Your task
Only one span is wanted from the lines below: from the one with "På dette enfamilieshus" up to and including the one with "業務スーパーで販売されている". Copy it exactly, without images.

Data provided
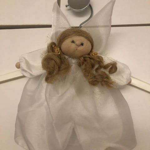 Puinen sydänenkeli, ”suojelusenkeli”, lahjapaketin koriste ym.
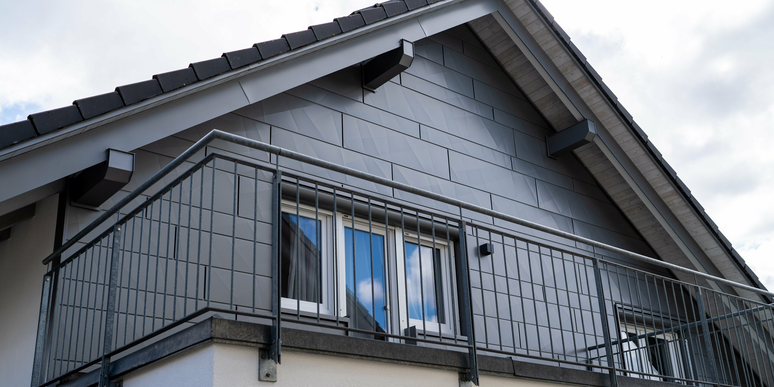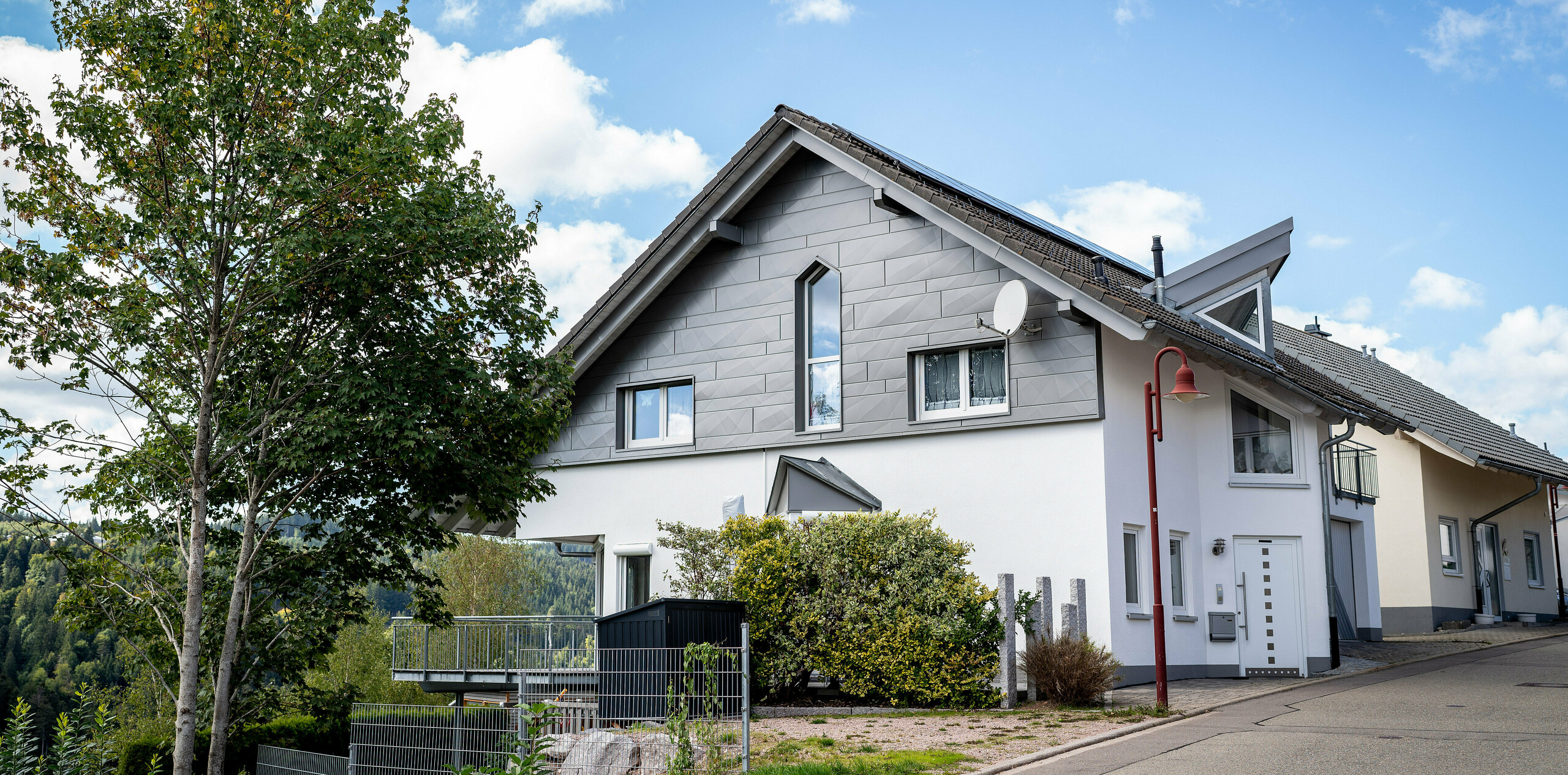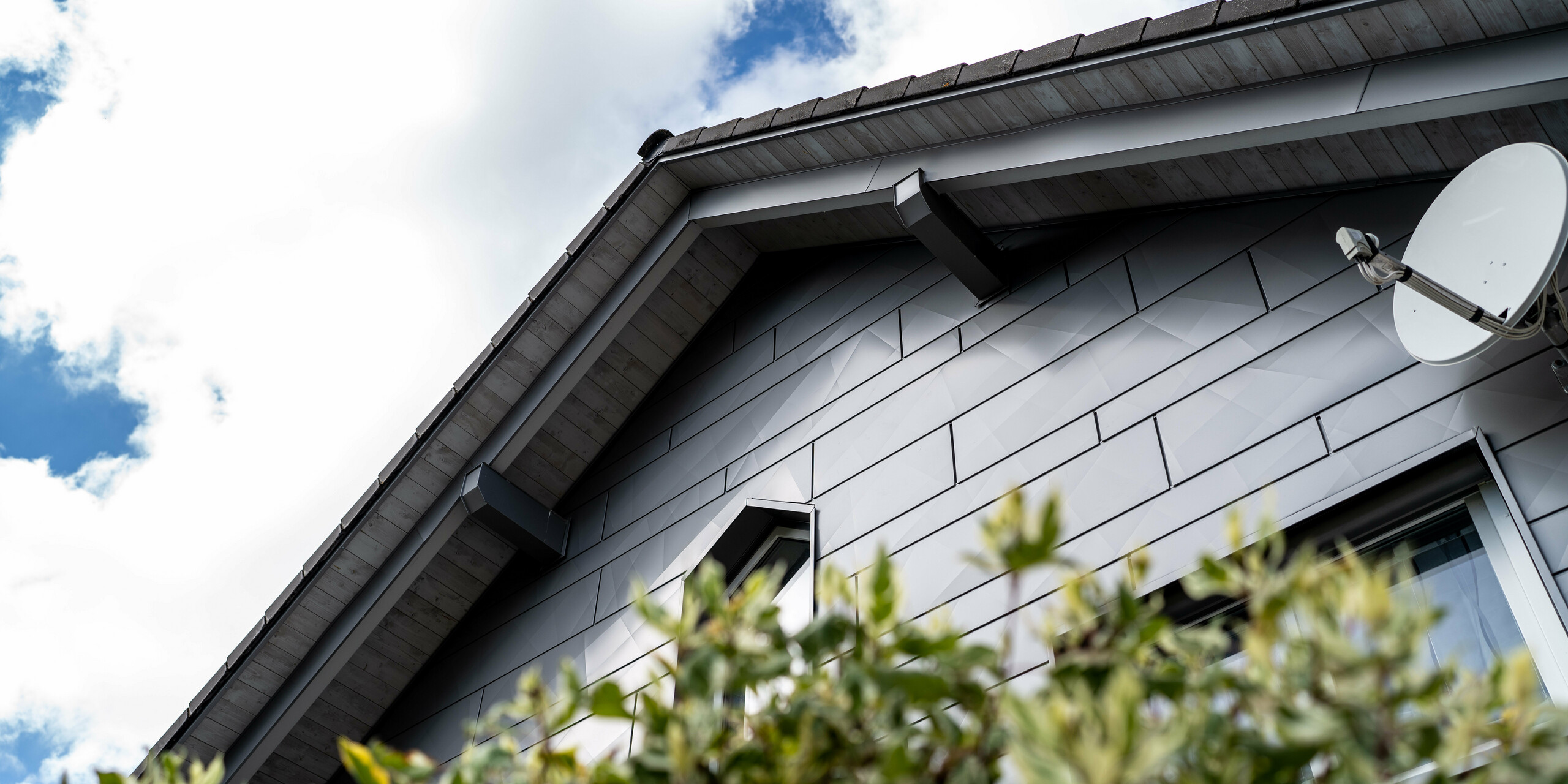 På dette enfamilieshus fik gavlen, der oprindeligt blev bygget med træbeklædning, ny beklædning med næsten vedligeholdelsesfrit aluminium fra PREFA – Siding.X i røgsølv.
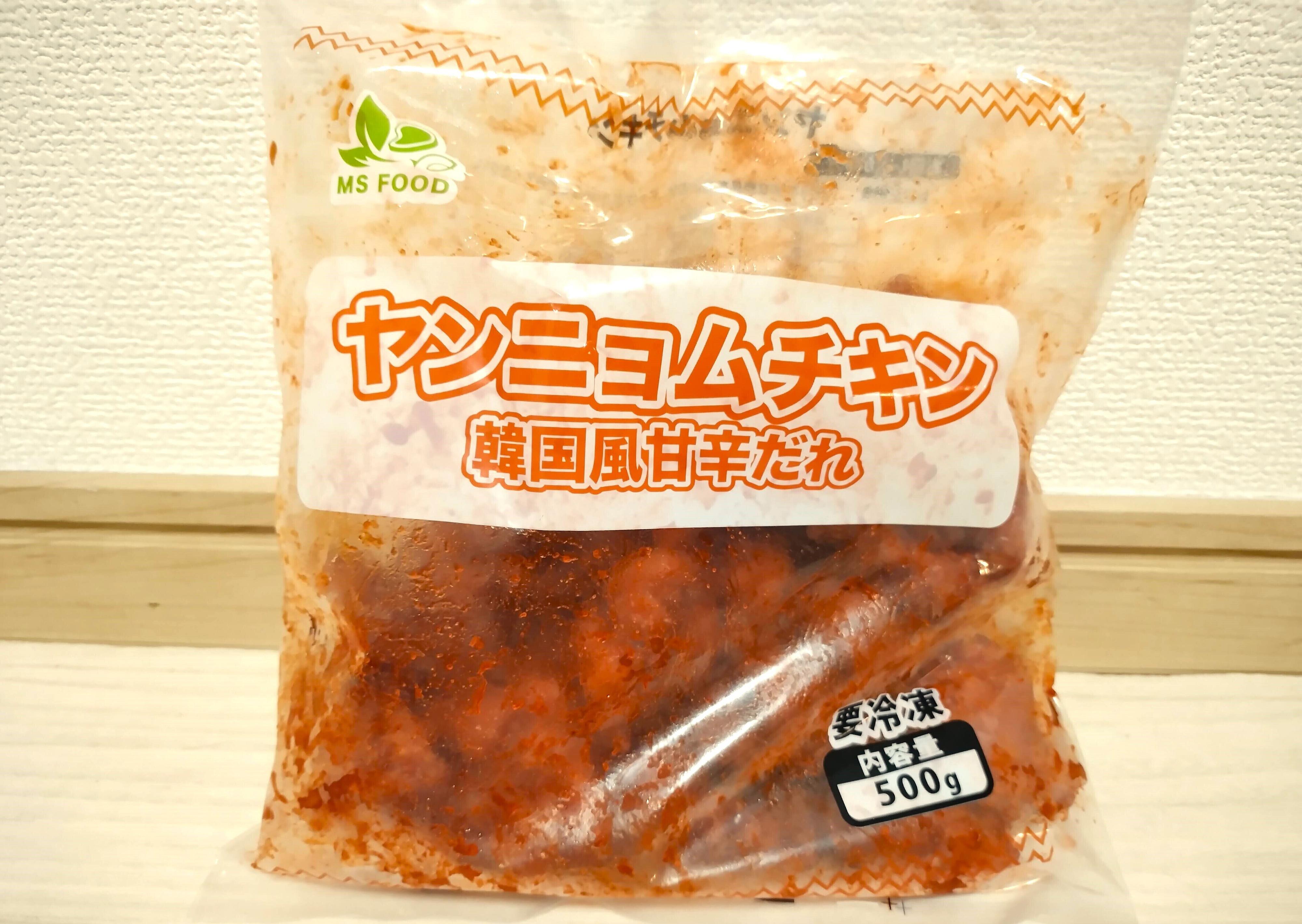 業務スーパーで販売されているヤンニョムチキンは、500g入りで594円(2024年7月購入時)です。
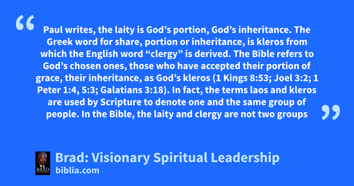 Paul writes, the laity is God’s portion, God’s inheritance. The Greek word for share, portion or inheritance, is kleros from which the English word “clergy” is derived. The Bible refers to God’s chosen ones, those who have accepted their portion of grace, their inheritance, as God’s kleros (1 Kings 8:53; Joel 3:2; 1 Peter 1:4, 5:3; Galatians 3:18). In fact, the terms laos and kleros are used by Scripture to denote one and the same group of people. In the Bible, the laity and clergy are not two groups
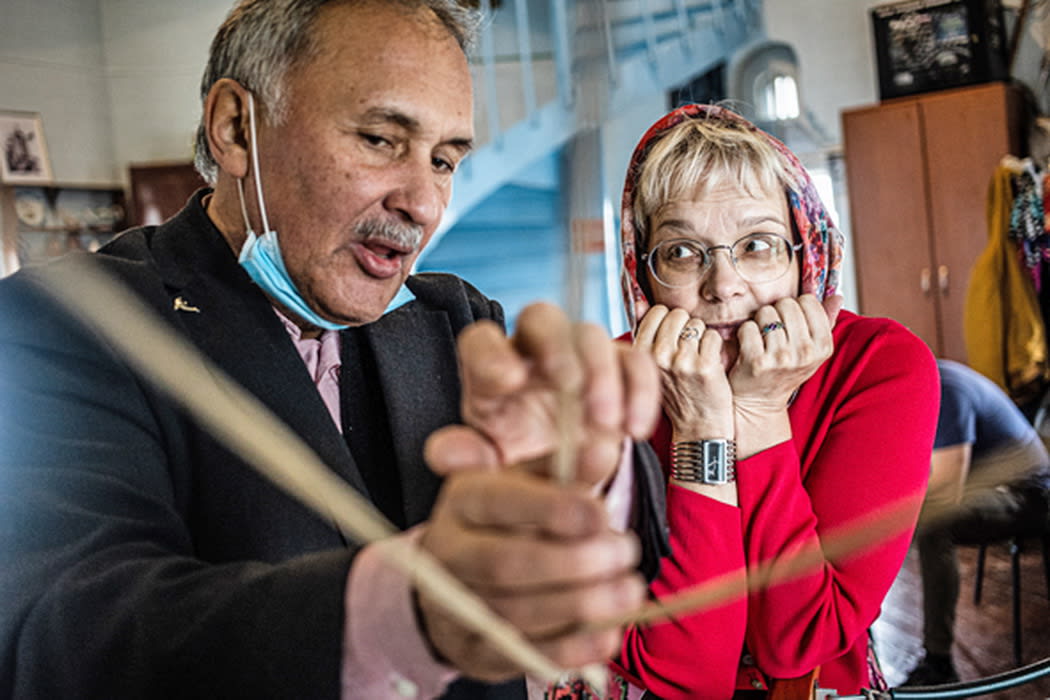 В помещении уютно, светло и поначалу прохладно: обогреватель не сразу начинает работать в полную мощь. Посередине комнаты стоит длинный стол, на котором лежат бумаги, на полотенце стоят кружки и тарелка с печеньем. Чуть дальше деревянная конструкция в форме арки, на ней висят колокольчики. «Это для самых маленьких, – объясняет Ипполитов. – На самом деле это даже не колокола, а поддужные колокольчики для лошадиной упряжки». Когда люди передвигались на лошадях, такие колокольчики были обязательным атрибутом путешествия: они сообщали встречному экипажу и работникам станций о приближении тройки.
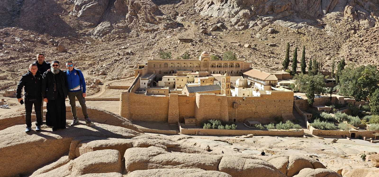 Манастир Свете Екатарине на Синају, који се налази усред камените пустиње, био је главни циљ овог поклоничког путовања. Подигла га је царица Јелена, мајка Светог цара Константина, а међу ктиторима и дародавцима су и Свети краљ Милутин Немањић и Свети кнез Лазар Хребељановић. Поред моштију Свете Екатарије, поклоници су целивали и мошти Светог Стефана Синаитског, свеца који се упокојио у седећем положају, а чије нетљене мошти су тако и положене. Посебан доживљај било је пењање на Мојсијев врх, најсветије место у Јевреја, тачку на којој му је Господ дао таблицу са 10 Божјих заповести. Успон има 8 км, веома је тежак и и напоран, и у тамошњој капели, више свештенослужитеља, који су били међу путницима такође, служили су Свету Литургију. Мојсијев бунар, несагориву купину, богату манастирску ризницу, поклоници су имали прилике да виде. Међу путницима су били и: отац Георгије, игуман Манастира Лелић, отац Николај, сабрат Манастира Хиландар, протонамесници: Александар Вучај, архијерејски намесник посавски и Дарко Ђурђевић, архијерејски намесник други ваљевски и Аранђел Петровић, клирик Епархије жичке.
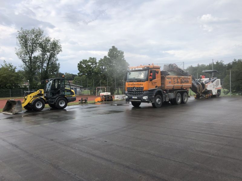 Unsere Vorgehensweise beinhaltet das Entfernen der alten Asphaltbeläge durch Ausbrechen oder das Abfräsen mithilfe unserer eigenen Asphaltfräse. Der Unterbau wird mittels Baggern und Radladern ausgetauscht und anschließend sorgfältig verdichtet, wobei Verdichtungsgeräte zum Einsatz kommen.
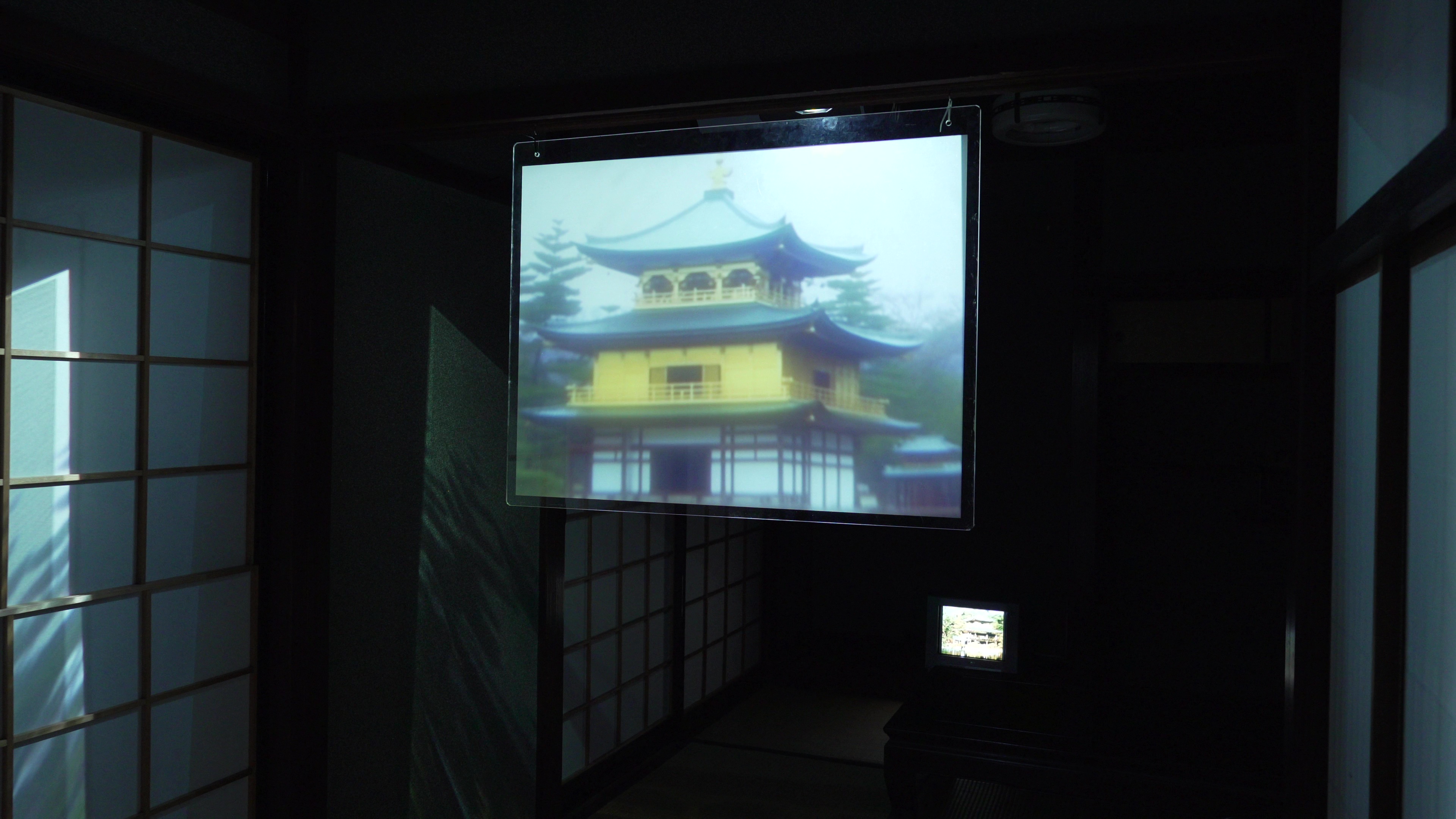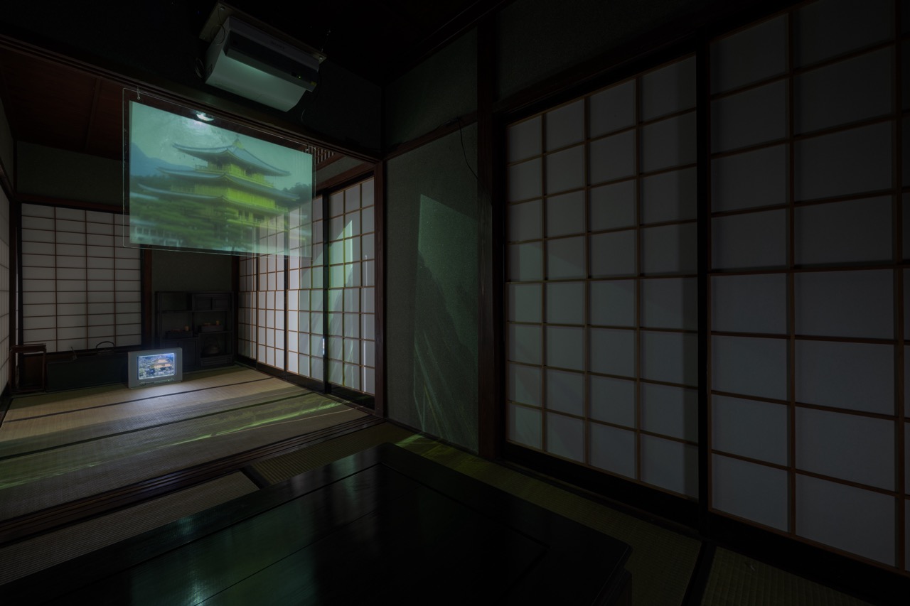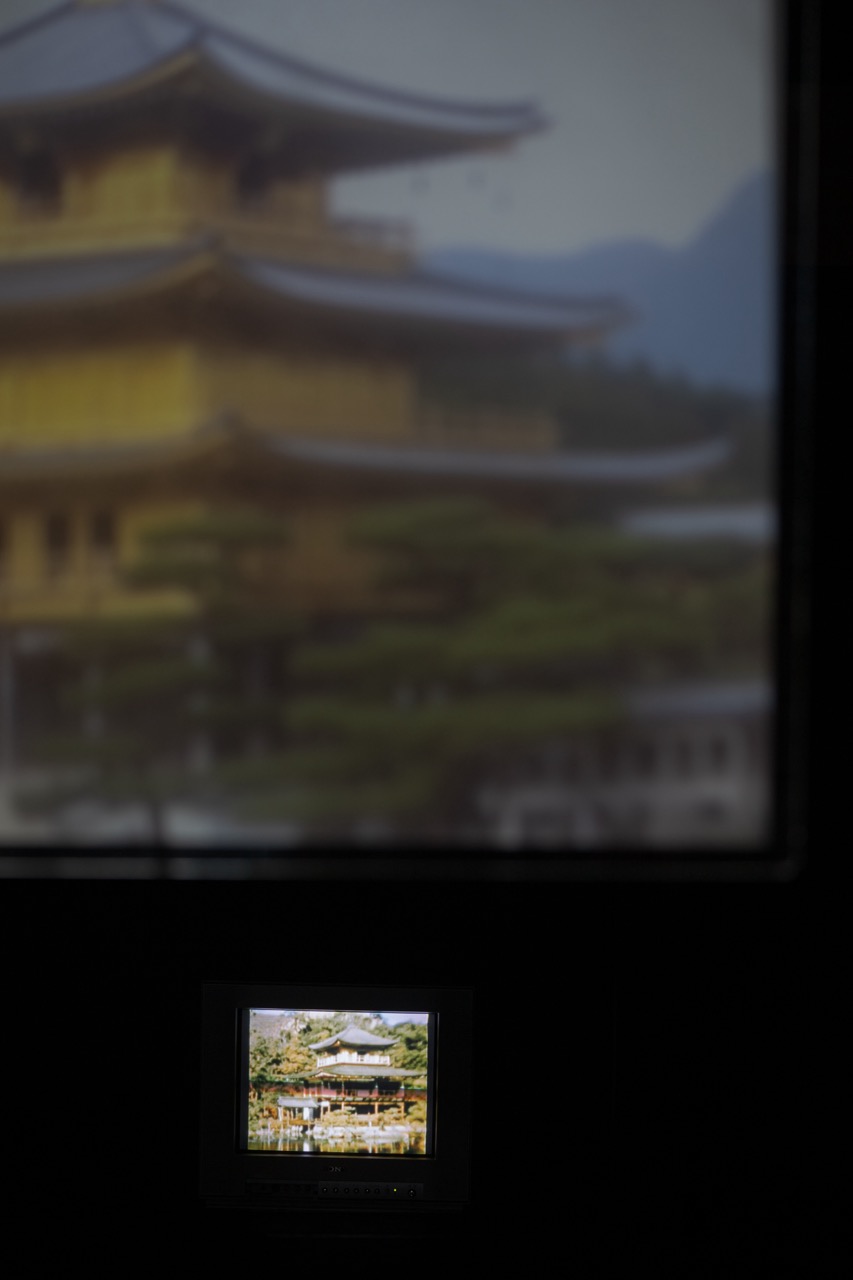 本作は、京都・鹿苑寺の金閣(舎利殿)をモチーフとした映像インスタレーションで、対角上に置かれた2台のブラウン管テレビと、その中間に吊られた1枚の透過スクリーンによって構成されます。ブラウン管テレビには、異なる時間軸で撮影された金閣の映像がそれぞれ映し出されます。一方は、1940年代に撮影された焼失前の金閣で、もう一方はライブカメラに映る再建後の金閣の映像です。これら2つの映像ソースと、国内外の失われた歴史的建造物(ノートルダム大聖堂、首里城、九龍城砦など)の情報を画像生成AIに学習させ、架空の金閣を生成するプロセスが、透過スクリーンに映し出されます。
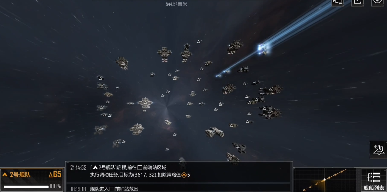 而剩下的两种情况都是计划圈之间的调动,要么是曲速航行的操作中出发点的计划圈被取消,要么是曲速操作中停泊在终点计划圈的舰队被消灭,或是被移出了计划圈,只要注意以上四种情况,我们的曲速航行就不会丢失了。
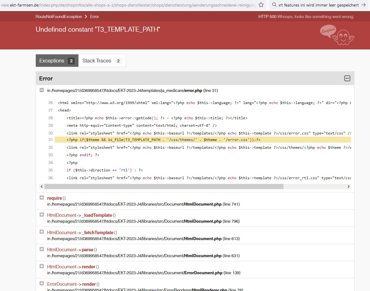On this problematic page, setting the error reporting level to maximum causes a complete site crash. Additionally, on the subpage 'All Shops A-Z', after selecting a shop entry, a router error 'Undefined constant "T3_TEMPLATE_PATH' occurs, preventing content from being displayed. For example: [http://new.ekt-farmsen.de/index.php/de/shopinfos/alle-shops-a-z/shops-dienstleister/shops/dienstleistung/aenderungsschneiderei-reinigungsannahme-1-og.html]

Completed exercise
 På dette enfamilieshus fik gavlen, der oprindeligt blev bygget med træbeklædning, ny beklædning med næsten vedligeholdelsesfrit aluminium fra PREFA – Siding.X i røgsølv.
 業務スーパーで販売されているヤンニョムチキンは、500g入りで594円(2024年7月購入時)です。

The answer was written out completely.